[Collected data]
>>>>>

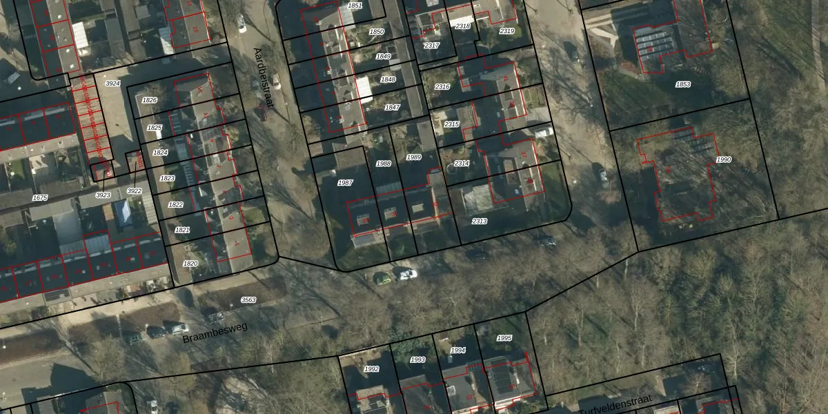 Het perceel waarop Braambesweg 33 staat heeft een oppervlakte van 338 m². Dit is een groot perceel. De perceeloppervlakte wordt geregistreerd door het Kadaster. Gedetailleerde informatie over de maten van dit perceel kunt u vinden in het rapport Kadastrale kaart met maatvoering van Braambesweg 33.
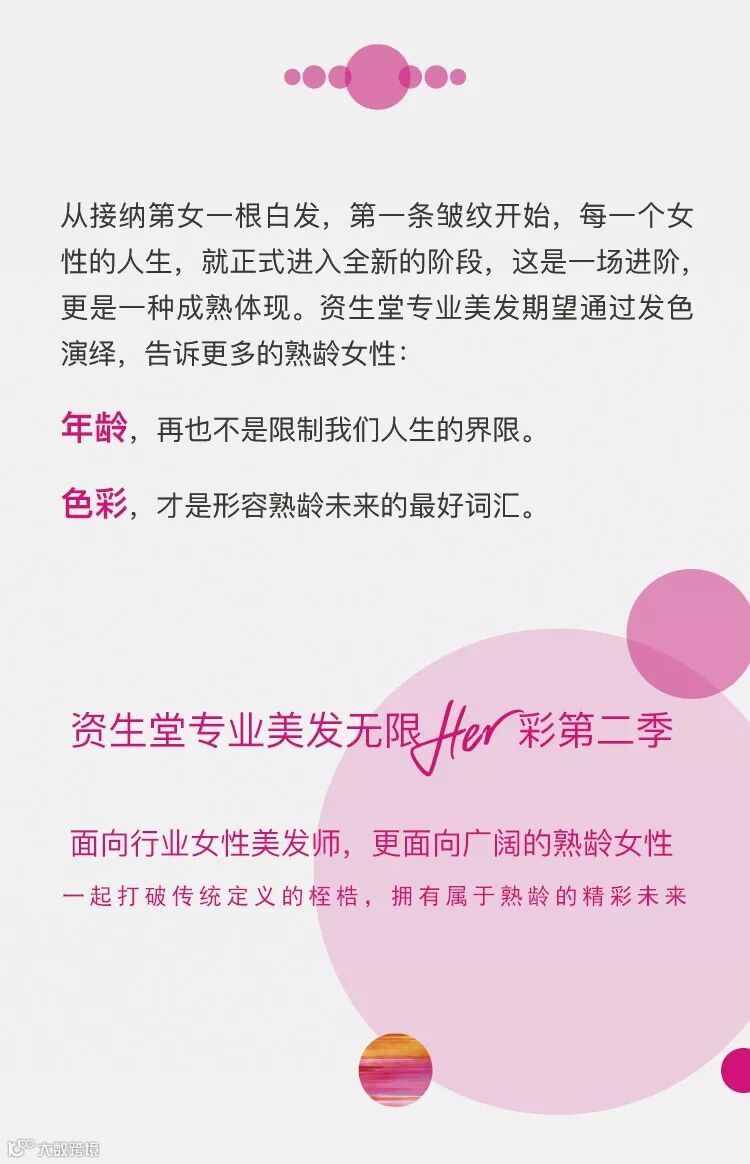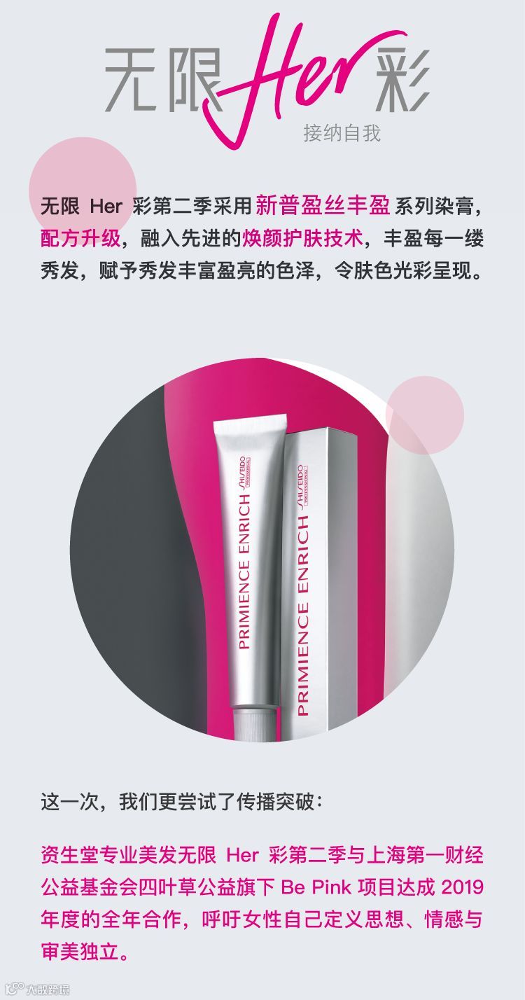 在这个压力重重的时代,让女性“接纳自我”,释放“无限Her彩”,正是资生堂专业美发的目标之一,我们将携手各大沙龙一起,为女性的力量与美丽Her彩!
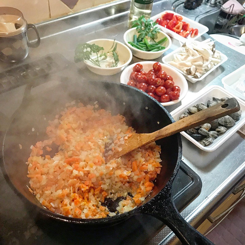 オリーブオイルにニンニクの香り移したら玉ねぎを炒めにんじんも。
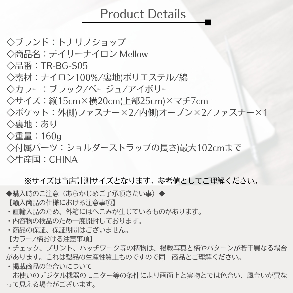 トナリノショップ デイリーナイロン Mellow ショルダーバッグ レディース メンズ 軽量 ナイロン サコッシュ 斜めがけ カジュアル アウトドア 旅行
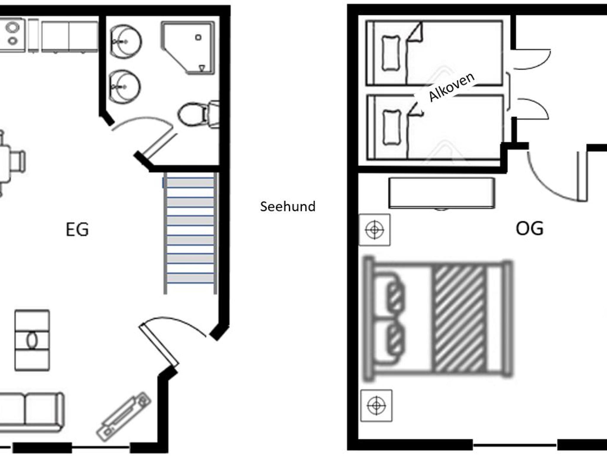 Über zwei Etagen erstreckt sich die Ferienwohnung Seehund im haubarg am meer. In der ersten Etage geht es zur Nachtruhe in das Schlafzimmer mit Doppelbett und davor für die Kinder in den Alkoven (entspricht in der Größe einem Doppelbett).
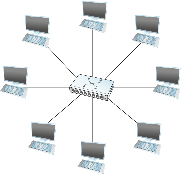 In the simplest terms, a switch is a mechanism that allows us to interconnect links to form a larger network. A switch is a multi-input, multi-output device that transfers packets from an input to one or more outputs. Thus, a switch adds the star topology (see Figure 56) to the set of possible network structures. A star topology has several attractive properties:

<<<<<

» **ASSIGNMENT**: Among the lines above, the one with "オリーブオイルにニンニクの香り移したら玉ねぎを炒めにんじんも。" opens the part to repeat and the one with "Über zwei Etagen" closes it; repeat only that part exactly, with no pictures.

» **EXERCISE OUTPUT**:
 オリーブオイルにニンニクの香り移したら玉ねぎを炒めにんじんも。
 トナリノショップ デイリーナイロン Mellow ショルダーバッグ レディース メンズ 軽量 ナイロン サコッシュ 斜めがけ カジュアル アウトドア 旅行
 Über zwei Etagen erstreckt sich die Ferienwohnung Seehund im haubarg am meer. In der ersten Etage geht es zur Nachtruhe in das Schlafzimmer mit Doppelbett und davor für die Kinder in den Alkoven (entspricht in der Größe einem Doppelbett).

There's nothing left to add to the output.